• [PROBLEM STATEMENT]
Print each entry word for word without images.

DATA SHOWN Start Marker

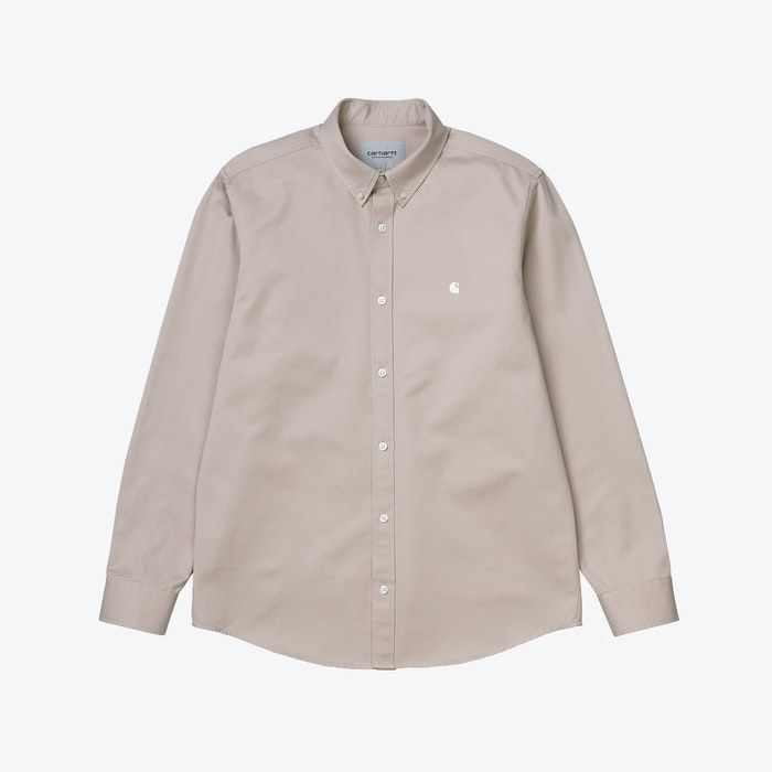 La camisa de manga larga para hombre Madison en tono beige con el logo de Carhartt WIP en blanco (Glaze/Wax) está confeccionada con sarga de algodón de peso medio y sometida a lavado intenso.
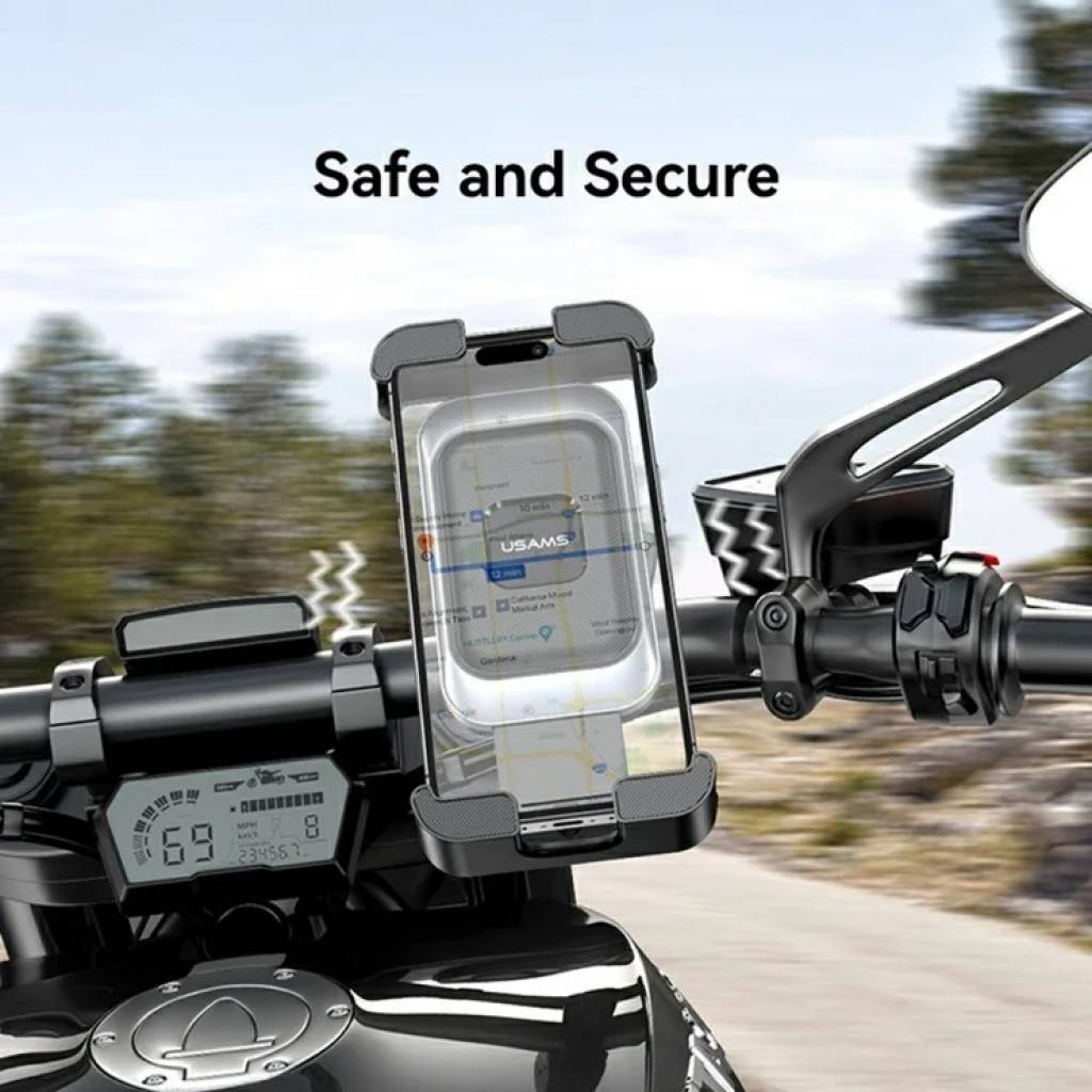 2. Abrazadera 2 en 1, compatible con el vástago del espejo retrovisor o el travesaño del manillar.
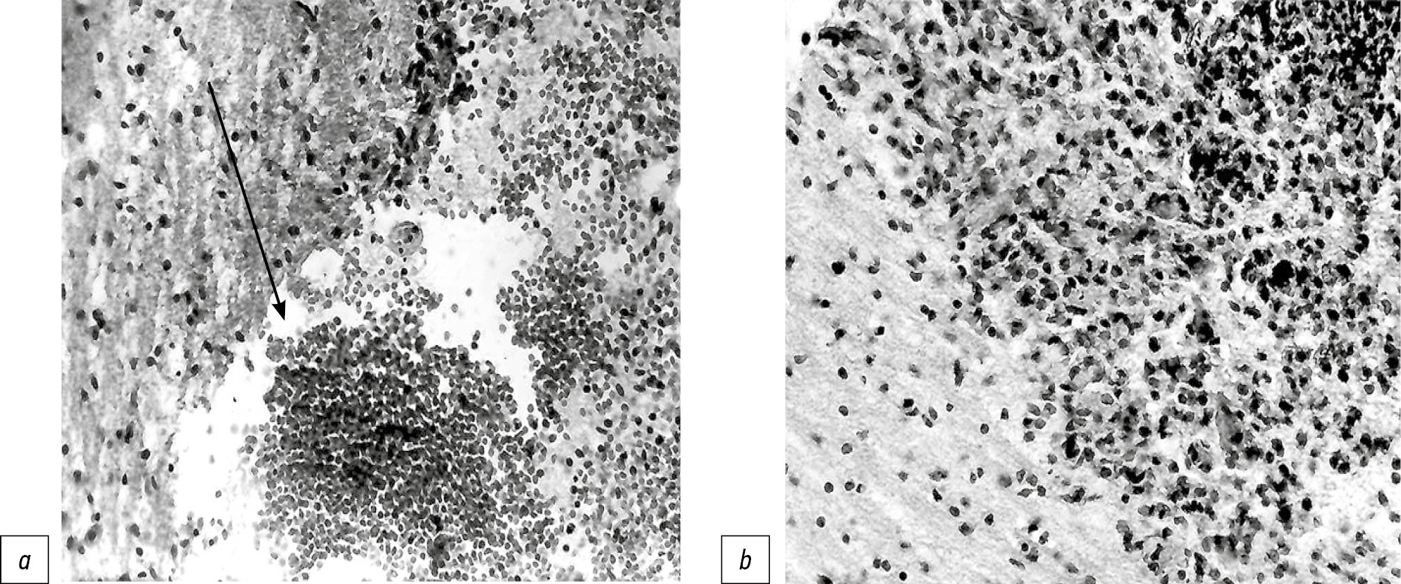 Fig. 3. The brain of a rabbit fetus, injured hemisphere: a — damage zone (on the 1st day after surgery); b — area of brain tissue close to the damaged area, proliferation of astrocytes with an admixture of a small amount of young connective tissue cells (on the 5th day after the operation). Stained with hematoxylin and eosin, ×400.
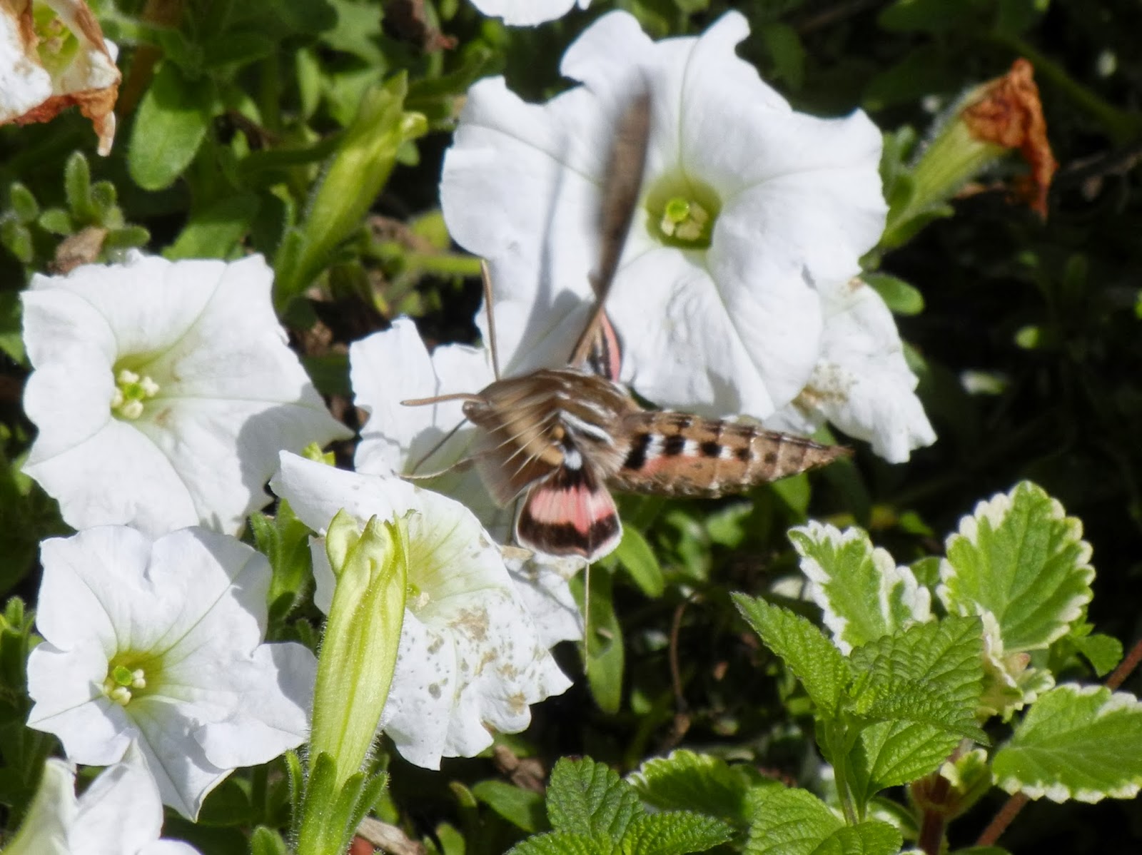 The caretaker of the formal garden (which was just barely past its peak) told us he had seen practically a swarm of hummingbird moths in the last few days. And that two were still hovering in that general direction, he told us, pointing. Sure enough, we found the huge moths. The size of a small hummingbird, they suck the nectar from the flowers with their long beaks – ok that’s not the right term – and their wings beat much slower. They are very cool.
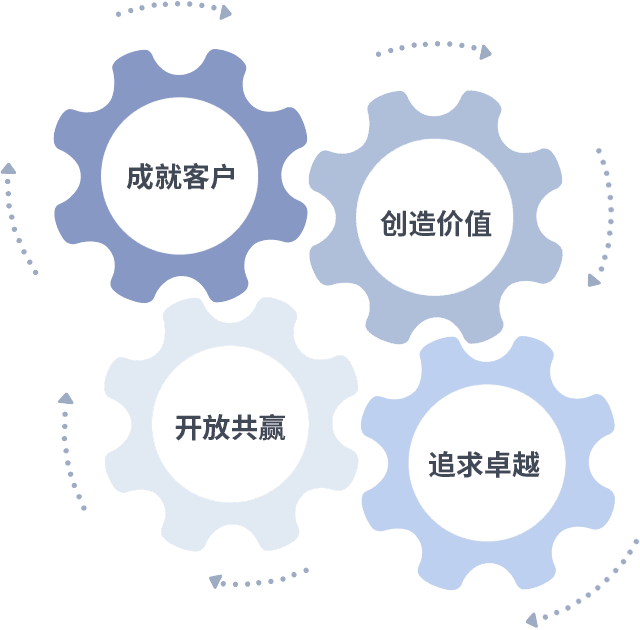 成就客户是一切决策的出发点,,,创造价值是衡量所有工作的标准,,,追求卓越是我们做事做人的态度,,,开放共赢是我们的格局也是最终的结果。。。。价值观的齿轮环环相扣,,,推动着组织里的每个人不断向前。。
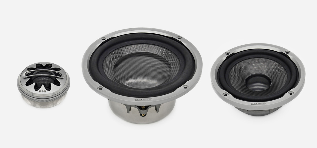 Репродукторите ESB от серия 9000 (Novemila) са сред технологично най-напредналите автомобилни говорители, някога произведени. И също така сред най-елегантните! Технологията и дизайнът се съчетават в нова и необичайна естетика, благодарение на изключителната цветна форма около мембраната на високочестотния говорител и също така по кошовете на басовия и средночестотния говорител. Този луксозен дизайн не е създаден само заради естетиката. Той е израз на иновация, която позволява акустичният завой на краищата на високочестотните говорители да бъде по-малко изразен и да се адаптира към дизайна на говорителите. Аналогия можете да намерите в новите двигатели Rolls-Royce за най-съвременни самолети, които притежават същата форма на задния ръб. Точно там, където въздухът излиза и се образуват основните турбуленции. С новата конструкция тези двигатели постигнаха големи предимства като намаляване на шума в кабината с 10 dB и също така намаляване на разхода на гориво с 10 %. Но това не е просто случайно сходство. Конструкцията на хай-енд говорителите ESB и на двигателите Rolls-Royce произлиза от същия принцип — да се намалят нежеланите акустични ефекти по ръбовете на говорителите, съответно на двигателите. ESB Audio 9.6K3 представлява референтен три-лентов комплект, съставен от 165 mm басов говорител, 100 mm средночестотен говорител и 28 mm високочестотен говорител, който впечатлява не само с използваните технологии и дизайн, но най-вече с абсолютно зашеметяващ звук.
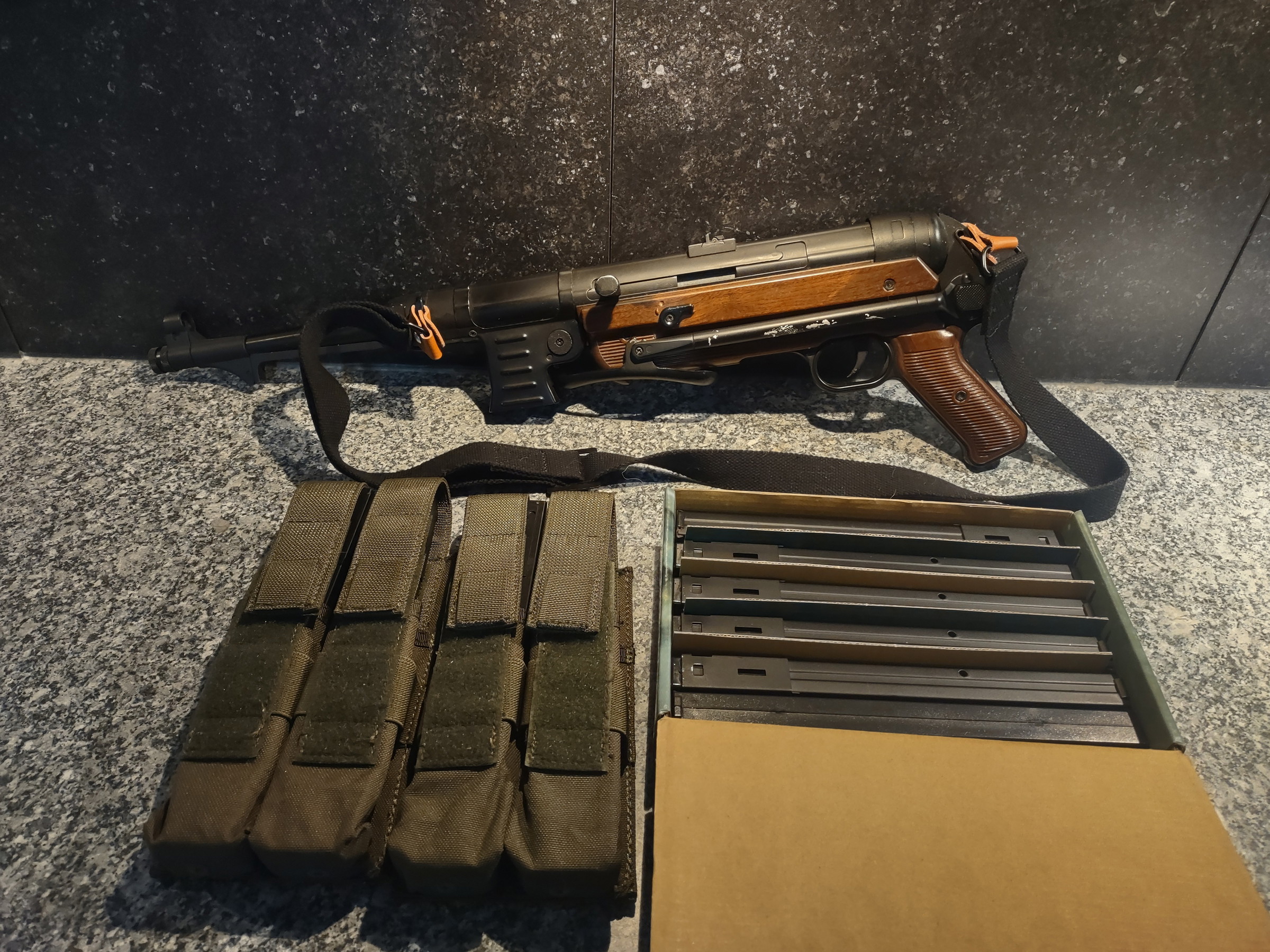Eenmaal op skirmish meegeweest. Wat lichte verf schade op de schoudersteun en barrel. 5x king arms plastic magazijn, 5 x originele AGM magazijnen.Β
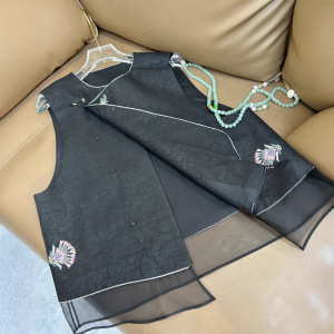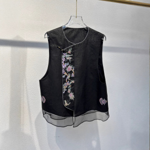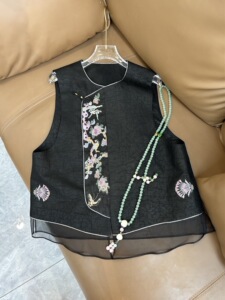 上新真丝香云纱绣花拼接国风马甲2025秋款复古盘扣背心上衣不退换
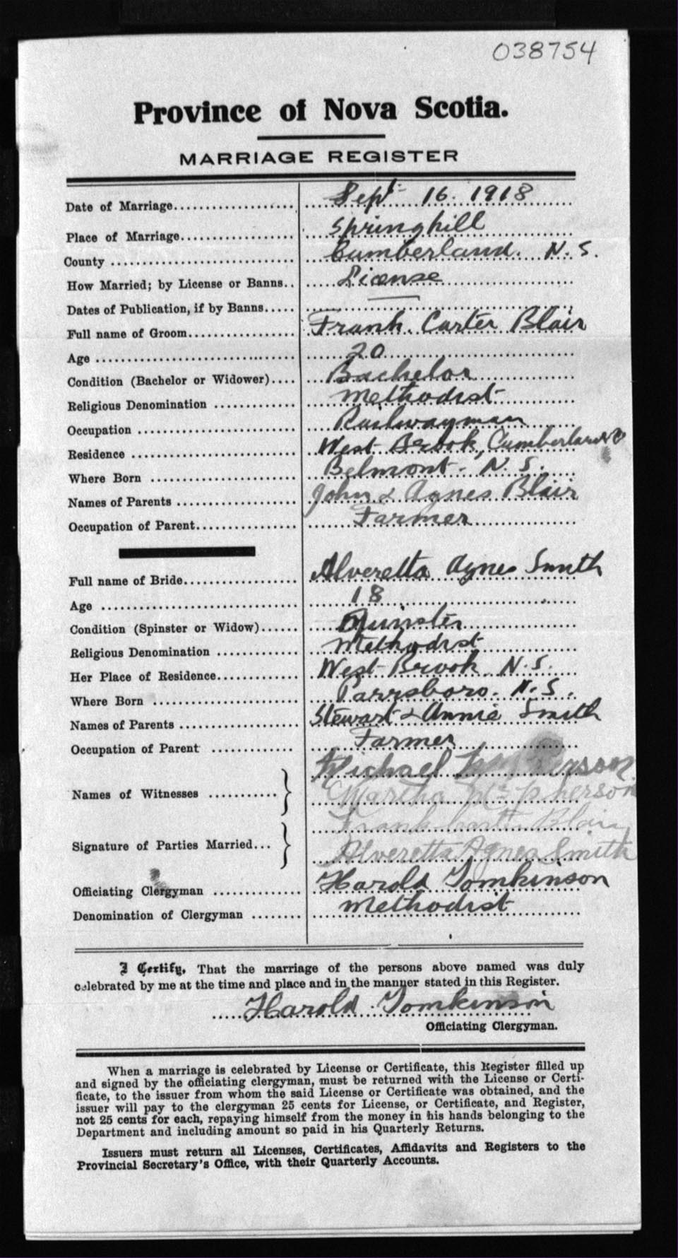 Registration: Year: 1918 number: 38754
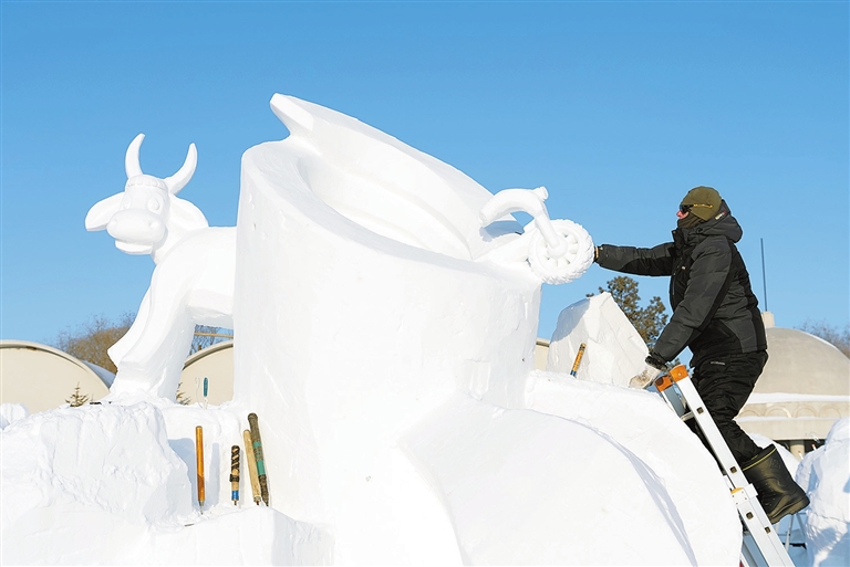 1月7日,选手在哈尔滨太阳岛雪博会园区进行雪雕创作。第26届中国·哈尔滨国际雪雕比赛正在哈尔滨太阳岛雪博会园区举行,来自12个国家的雪雕艺术家在寒风中精雕细琢,比拼创意和技巧。 新华社记者王大禹 摄
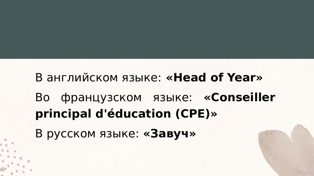 В английском языке: «Head of Year » Во французском языке: « Conseiller principal d'éducation (CPE)» В русском языке: «Завуч»

DATA SHOWN End Marker

• [YOUR RESPONSE]
 La camisa de manga larga para hombre Madison en tono beige con el logo de Carhartt WIP en blanco (Glaze/Wax) está confeccionada con sarga de algodón de peso medio y sometida a lavado intenso.
 2. Abrazadera 2 en 1, compatible con el vástago del espejo retrovisor o el travesaño del manillar.
 Fig. 3. The brain of a rabbit fetus, injured hemisphere: a — damage zone (on the 1st day after surgery); b — area of brain tissue close to the damaged area, proliferation of astrocytes with an admixture of a small amount of young connective tissue cells (on the 5th day after the operation). Stained with hematoxylin and eosin, ×400.
 The caretaker of the formal garden (which was just barely past its peak) told us he had seen practically a swarm of hummingbird moths in the last few days. And that two were still hovering in that general direction, he told us, pointing. Sure enough, we found the huge moths. The size of a small hummingbird, they suck the nectar from the flowers with their long beaks – ok that’s not the right term – and their wings beat much slower. They are very cool.
 成就客户是一切决策的出发点,,,创造价值是衡量所有工作的标准,,,追求卓越是我们做事做人的态度,,,开放共赢是我们的格局也是最终的结果。。。。价值观的齿轮环环相扣,,,推动着组织里的每个人不断向前。。
 Репродукторите ESB от серия 9000 (Novemila) са сред технологично най-напредналите автомобилни говорители, някога произведени. И също така сред най-елегантните! Технологията и дизайнът се съчетават в нова и необичайна естетика, благодарение на изключителната цветна форма около мембраната на високочестотния говорител и също така по кошовете на басовия и средночестотния говорител. Този луксозен дизайн не е създаден само заради естетиката. Той е израз на иновация, която позволява акустичният завой на краищата на високочестотните говорители да бъде по-малко изразен и да се адаптира към дизайна на говорителите. Аналогия можете да намерите в новите двигатели Rolls-Royce за най-съвременни самолети, които притежават същата форма на задния ръб. Точно там, където въздухът излиза и се образуват основните турбуленции. С новата конструкция тези двигатели постигнаха големи предимства като намаляване на шума в кабината с 10 dB и също така намаляване на разхода на гориво с 10 %. Но това не е просто случайно сходство. Конструкцията на хай-енд говорителите ESB и на двигателите Rolls-Royce произлиза от същия принцип — да се намалят нежеланите акустични ефекти по ръбовете на говорителите, съответно на двигателите. ESB Audio 9.6K3 представлява референтен три-лентов комплект, съставен от 165 mm басов говорител, 100 mm средночестотен говорител и 28 mm високочестотен говорител, който впечатлява не само с използваните технологии и дизайн, но най-вече с абсолютно зашеметяващ звук.
Eenmaal op skirmish meegeweest. Wat lichte verf schade op de schoudersteun en barrel. 5x king arms plastic magazijn, 5 x originele AGM magazijnen.Β
 上新真丝香云纱绣花拼接国风马甲2025秋款复古盘扣背心上衣不退换
 Registration: Year: 1918 number: 38754
 1月7日,选手在哈尔滨太阳岛雪博会园区进行雪雕创作。第26届中国·哈尔滨国际雪雕比赛正在哈尔滨太阳岛雪博会园区举行,来自12个国家的雪雕艺术家在寒风中精雕细琢,比拼创意和技巧。 新华社记者王大禹 摄
 В английском языке: «Head of Year » Во французском языке: « Conseiller principal d'éducation (CPE)» В русском языке: «Завуч»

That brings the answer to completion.